The extent of my fishing excitement for the day, despite 2 hours of drifting delectable soft plastics all over the reef, was hooking a probable sweetlip which succeeded in finding a cave on the reef from which I couldn't extract him.

As you can see, great conditions. Let's hope the mackerel show up soon -- obviously there's heaps of baitfish.


----------



## Breambo (Apr 19, 2006)

Thats a couple of nice fish there, I bet they go hard, I wanna get one now :lol:


----------



## butts (Oct 7, 2007)

Nice fish boys.

It looks like you have to pick of the weather up there at the moment. It is absolutely blowing a gail down here on the South Coast. Shame you didn't have any luck with the bottom fish but it seem that all the action was on top. Well done again.

Butts...


----------



## Davey G (Jan 15, 2006)

thats it... I'm moving to Noosa.


----------



## Marty75 (Oct 23, 2007)

I don't think I would have had the will power to by-pass those rampaging tuna hordes in search of something else on the reef.....

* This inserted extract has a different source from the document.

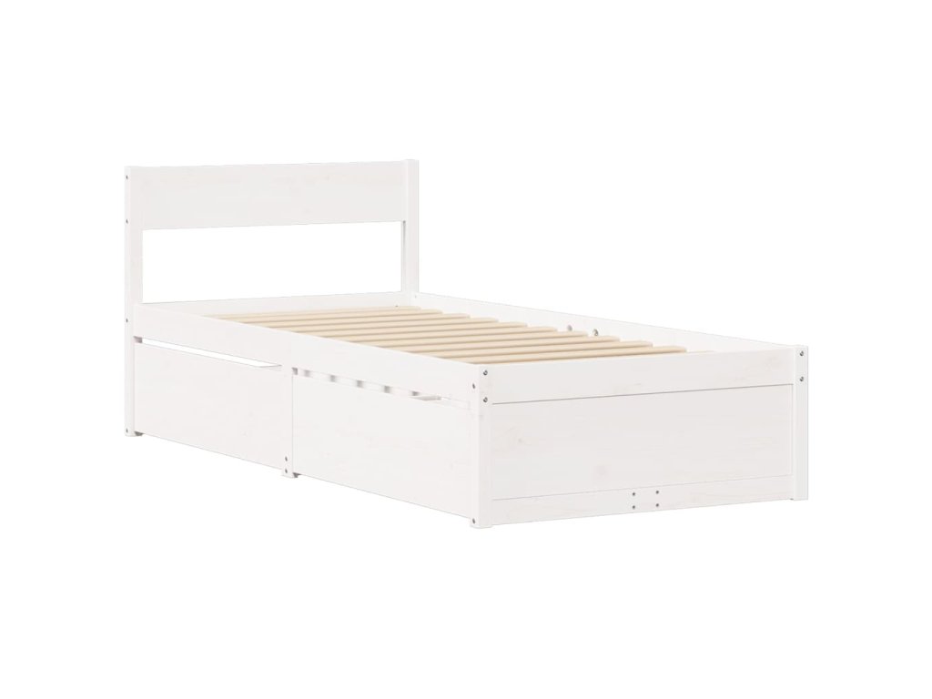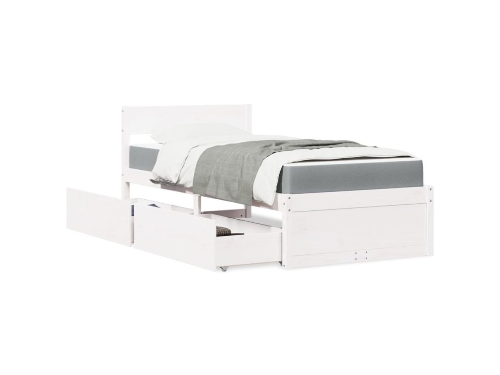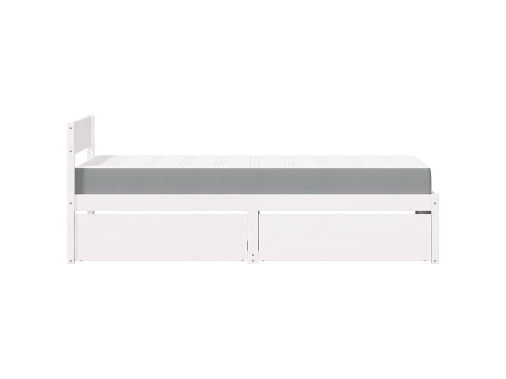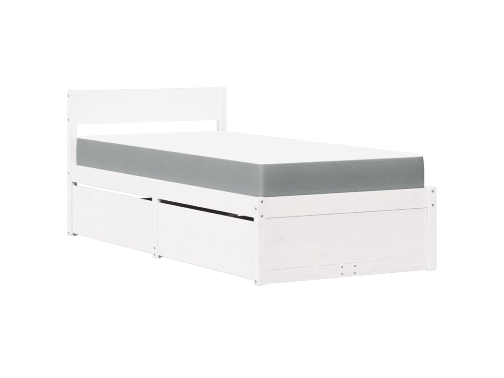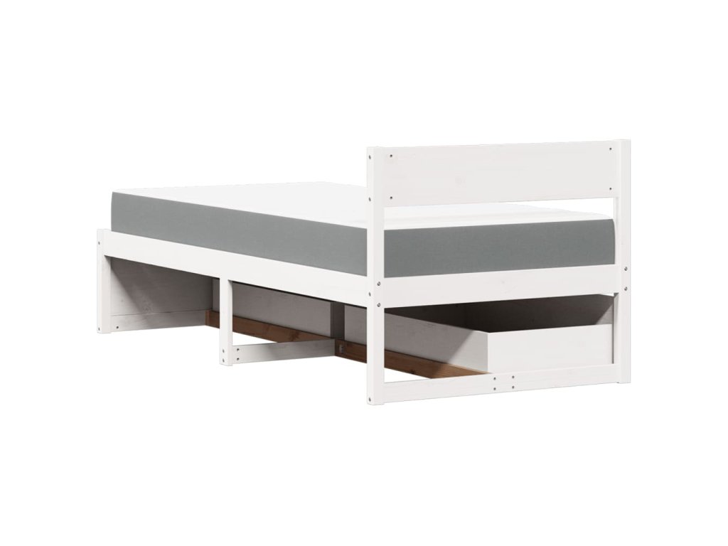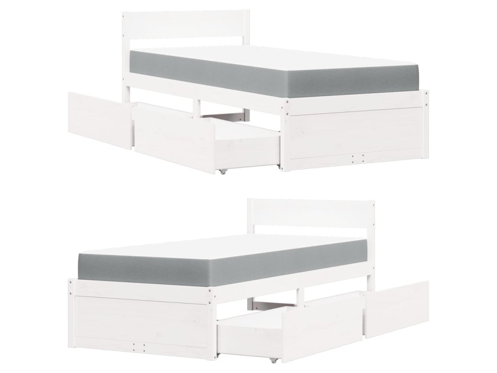 Postel se zásuvkami a matrací bílá 90 x 200 cm masivní borovice 3281908

I can just imagine how much fun tuna like that would be out of a kayak.

Awesome stuff!

Marty


----------



## Dodge (Oct 12, 2005)

Nice to have shared the moment with a mate Kev.


----------



## wopfish (Dec 4, 2006)

Wooooo Hooooooo they would have been fun !!!


----------



## Dave73 (Dec 3, 2006)

Not 1, but 2 Longtails...    :shock: :shock:

What does Jaro paddle? It looks like a well set up kayak.
Congrats on a top session.

Dave


----------



## GOF (Dec 10, 2006)

Nice going Sunshiner.
What sort of lures was Jaro using?
I've had a couple of sessions this week off Mooloolaba using a variety of slugs in different colours & sizes but can only get mac tunas, they are alot of fun but I'd like to take something home to eat!!. Any advice?
Cheers G.O.F.


----------



## DougOut (Dec 31, 2006)

How sweet is that .... what fun to be had from a self-propelled piece of plastic ... :shock: 
you've just gota love sport-fishing from a yak with fish like that around 8) 
your turn Kev ;-) forget about those delectable table fish (half your luck) and get into them , "while the bite is on Sunshine" :lol:


----------



## sunshiner (Feb 22, 2006)

Dave73 said:


> What does Jaro paddle? It looks like a well set up kayak.
> Congrats on a top session.
> 
> Dave


 G'day Dave. He has a yellow Prowler and like most of us, his yak is a work in progress, and is well set up for our fishing situation.


----------



## sunshiner (Feb 22, 2006)

GOF said:


> Nice going Sunshiner.
> What sort of lures was Jaro using?
> I've had a couple of sessions this week off Mooloolaba using a variety of slugs in different colours & sizes but can only get mac tunas, they are alot of fun but I'd like to take something home to eat!!. Any advice?
> Cheers G.O.F.


G'day G.O.F. He was using slugs about 8cm long. Actually, I didn't expect him to get any hook-ups on the presumption that they were all very small mac tuna, but I was wrong (did I really say that?) and clearly there were some larger tuna hanging around the bait schools. Getting one on his first cast was the clincher, otherwise he may have given up. The bait fish were being harrassed just outside the very small break on Main Beach, just as they were with the spotties last week.


----------



## beefs (Jan 30, 2006)

Awesome trip Kev and congrats to Jaro. Sounds like the conditions are great at the moment - here's hoping the macks make another appearance.


----------



## GOF (Dec 10, 2006)

Thanks Sunshiner - looks like I will have to try bigger slugs.
Some of the mac tuna I've been releasing have been quite solid fish (3-4kg) but some of the boils out there you just know that there are even better fish waiting to be caught (& eaten).
Will have to wait now for the winds to drop before trying again.
G.O.F.


----------



## jaredluke (Nov 23, 2007)

Nice work boys. Those NB Tuna will taste nice


----------



## keza (Mar 6, 2007)

great fish guys, you are into some good fish at the moment good to see you making the most of it.


----------



## pcsolutionman (Apr 9, 2007)

Congrats boys another top effort, you guys certainly have that area well and truly sussed now :lol: :lol:

Lee


----------



## JD (Jul 2, 2006)

Dave73 said:


> What does Jaro paddle? It looks like a well set up kayak.
> Dave


Hey Jaro how about a couple of pics of the rod storage on the yak. Looks like what i've been thinking of doing. I want some way of carrying them safely throught the surf.


----------



## Baldy (Oct 1, 2007)

Very nice Job there Jaro and nice photos and report Sunshiner 

Dave,

Looks like Jaro is on a Prowler, going on the ribs on the deck of the bow[and the drain plug]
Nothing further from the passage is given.